The in-spiral of compact binary systems consisting of a neutron star paired with either a black-hole or another neutron star produces distortions in space-time known as gravitational waves (GW). In the presence of sufficient ejecta, electromagnetic phenomena such as short-duration gamma-ray bursts (SGRBs) or kilonovae can be produced. In this thesis, I explore the environments, redshifts, and host galaxy demographics of these compact binaries.

Using my Redshift Electromagnetic Localisation and Deduction Algorithm (zELDA), I seed BPASS and COSMIC evolved binaries into hydro-dynamical galaxies from the EAGLE simulation. I then trace the orbits of the binaries until they merge. I apply a selection criterion to a simulated SGRB sample to gauge the consistency with observations. I find agreements with the observed redshifts, host galaxy demographics, and offsets. I predict 16 -40% of SGRB events would appear \host-less", i.e. sources that merge with high impact parameters or have faint hosts (H > 26).

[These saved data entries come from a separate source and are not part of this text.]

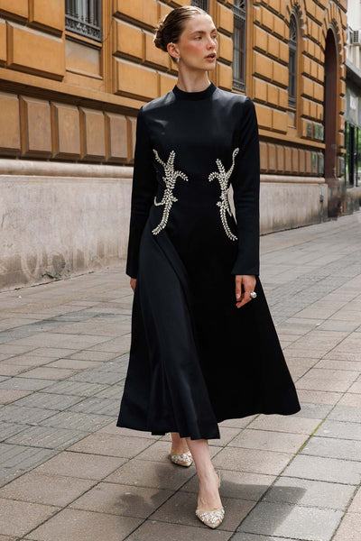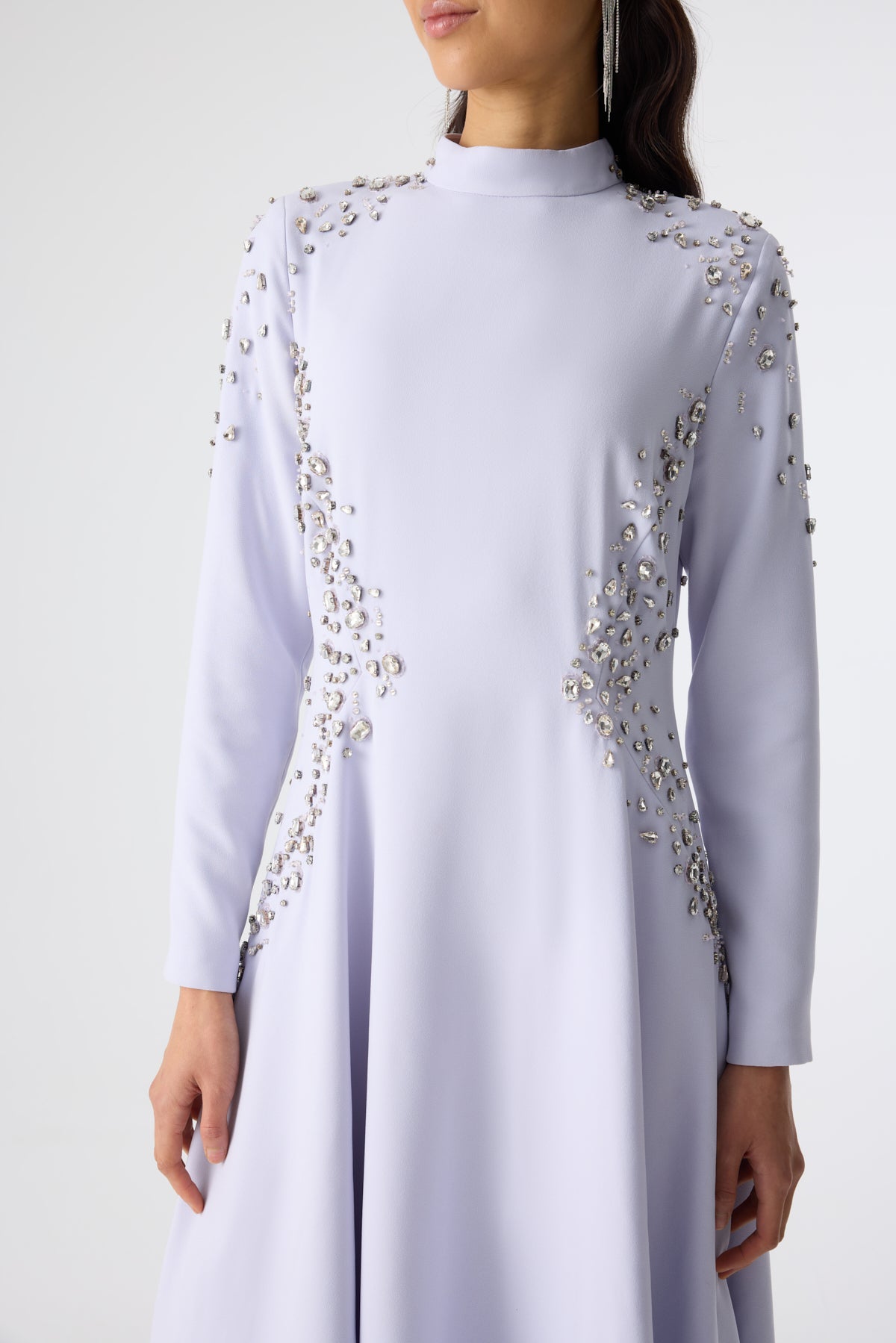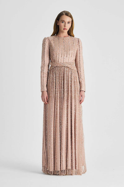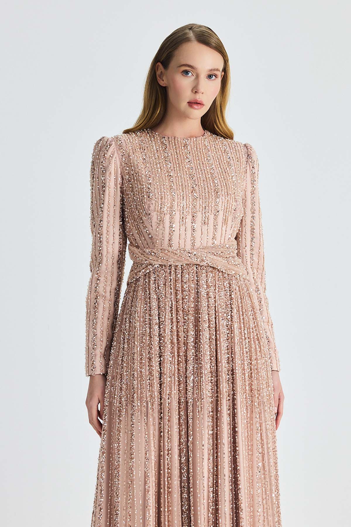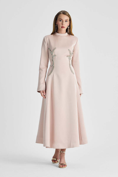 Ürün ortalama 135 cm. Elbisenin arkası fermuarlıdır, astarlıdır. Krep kumaştan hazırlanmıştır. Bel kısmındaki detaylar özel taşlarla özenle el işçiliği ile işlenmiştir.
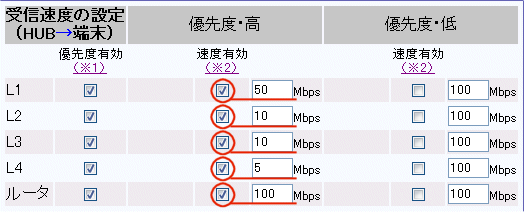 優先度有効:チェックあり 優先度・高 速度有効:チェックあり 速度:5Mbps |
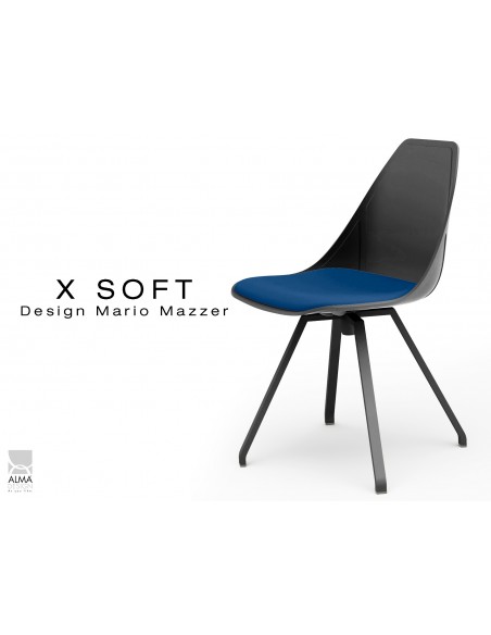 X-SOFT BLACK assise avec coussin Bleu nuit-TE27, piétement et coque noir.

Given the close proximity of GW170817 at ~ 40Mpc, I consider the constraints on a local population of low-luminosity SGRBs. I gauge the likelihood of SGRBs with host galaxies within < 200Mpc. I get an all-sky rate of < 6 yr^-1 using well-localised bursts (with precisions of ~ arcmin - arcsec) from Swift/BAT, corresponding to ~ 8% of Swift SGRBs. By cross-correlating poorly localised bursts from the CGRO/BATSE and Fermi/GBM with galaxies within < 100Mpc, I find a weaker constraint of £ 12 yr^-1 for the all-sky rate. I conduct a separate search to constrain the rate of nearby (d < 11Mpc) giant flares from Soft Gamma-Ray Repeaters (SGRs) and place an upper limit of < 3 yr^-1.

I conclude this thesis by commenting on the implications of our findings on future studies.